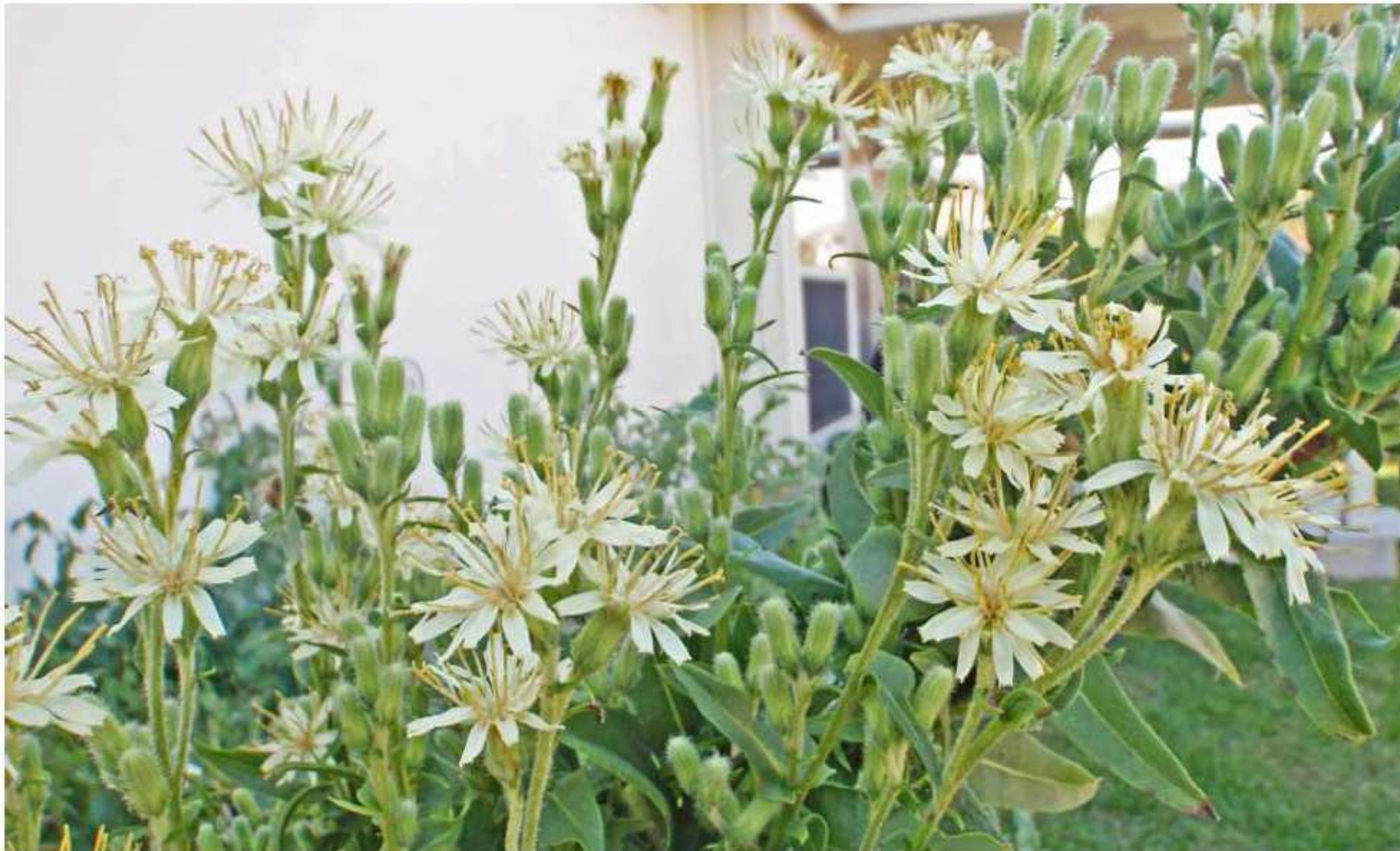
Figure 1. Prenanthes aspera (Singhurst 18337, BAYLU), garden grown from collection in Bowie County.
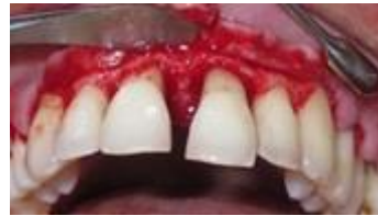
Fig 4(c, c'): papilla preservation flap and debridement
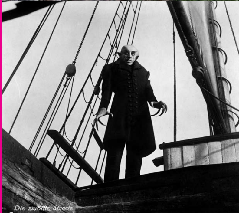
Die zwölfte Stunde
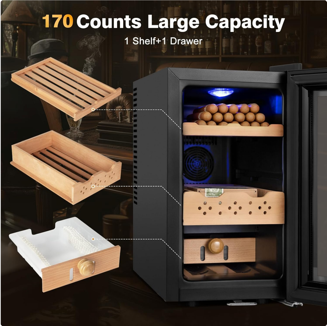
Figure 7: Internal layout with shelf and drawer, demonstrating capacity.
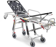
Mercury Lite 7080/4RG Proof Ambulance cot in aluminium with variable height and four swivel castors
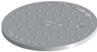
City Of Edmond
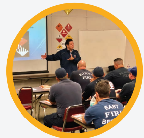
Operators and first responders train on potential pipeline scenarios

Pipeline operators partner with first responders to protect the public and environment during pipeline incidents
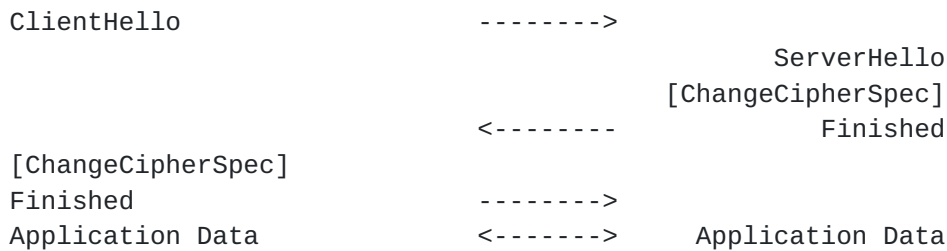
Fig. 2 - Message flow for an abbreviated handshake

The contents and significance of each message will be presented in detail in the following sections.
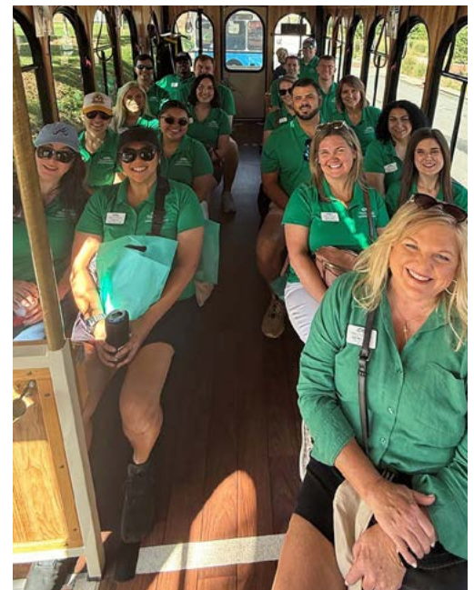
The Leadership Hall 2026 Class rode the Gainesville Trolley as part of the Gainesville-Hall County History Day program.
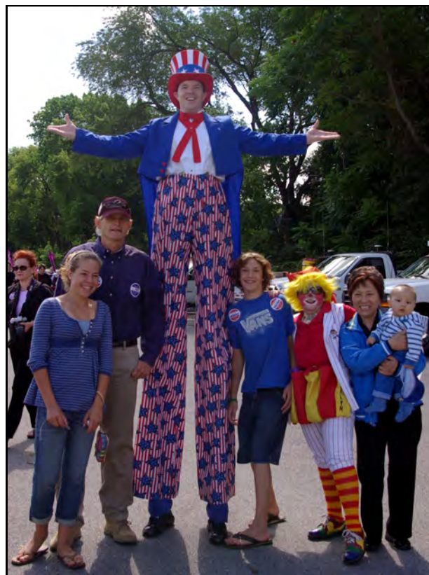
Right: Uncle Sam enjoyed entertaining visitors to Wilson Farm Park during the Birthday Party celebration.
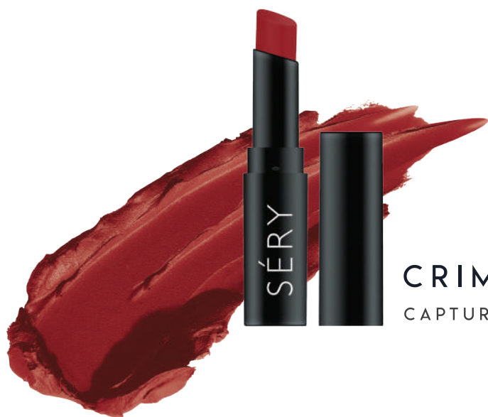
CRIMSON CHIC(ML17) CAPTURE D'MATTE LASTING LIP COLOR
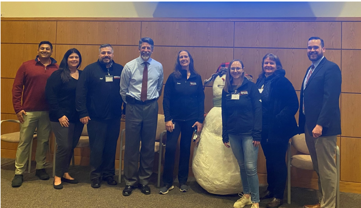
CCPG and DMHAS treatment providers visit Lottery Headquarters

CLC hosted a team of problem gambling treatment providers and counselors at Lottery headquarters on March 23 rd to discuss best practices and how our players in need can access the many services funded by CLC.
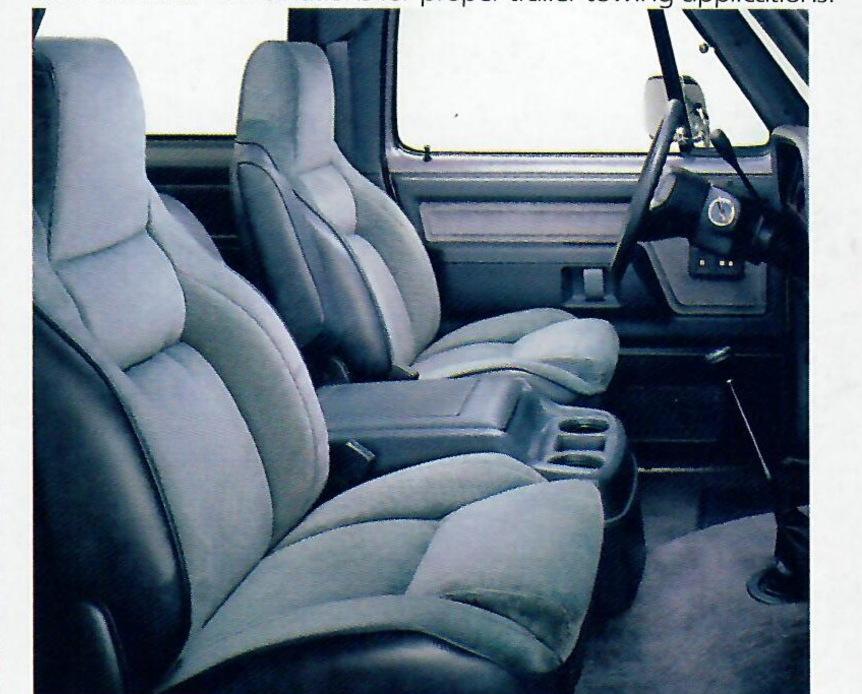
The Ramcharger LE interior, shown in Charcoal.

Consult dealer for information regarding necessary equipment and driveline combinations for proper trailer towing applications.

# # # # # # #

Set down the records precisely as they appear. Any picture stays out.

▶ **SOLUTION FOR THIS TASK**:
Figure 1. Prenanthes aspera (Singhurst 18337, BAYLU), garden grown from collection in Bowie County.
Fig 4(c, c'): papilla preservation flap and debridement
Die zwölfte Stunde
Figure 7: Internal layout with shelf and drawer, demonstrating capacity.
Mercury Lite 7080/4RG Proof Ambulance cot in aluminium with variable height and four swivel castors
City Of Edmond
Operators and first responders train on potential pipeline scenarios

Pipeline operators partner with first responders to protect the public and environment during pipeline incidents
Fig. 2 - Message flow for an abbreviated handshake

The contents and significance of each message will be presented in detail in the following sections.
The Leadership Hall 2026 Class rode the Gainesville Trolley as part of the Gainesville-Hall County History Day program.
Right: Uncle Sam enjoyed entertaining visitors to Wilson Farm Park during the Birthday Party celebration.
CRIMSON CHIC(ML17) CAPTURE D'MATTE LASTING LIP COLOR
CCPG and DMHAS treatment providers visit Lottery Headquarters

CLC hosted a team of problem gambling treatment providers and counselors at Lottery headquarters on March 23 rd to discuss best practices and how our players in need can access the many services funded by CLC.
The Ramcharger LE interior, shown in Charcoal.

Consult dealer for information regarding necessary equipment and driveline combinations for proper trailer towing applications.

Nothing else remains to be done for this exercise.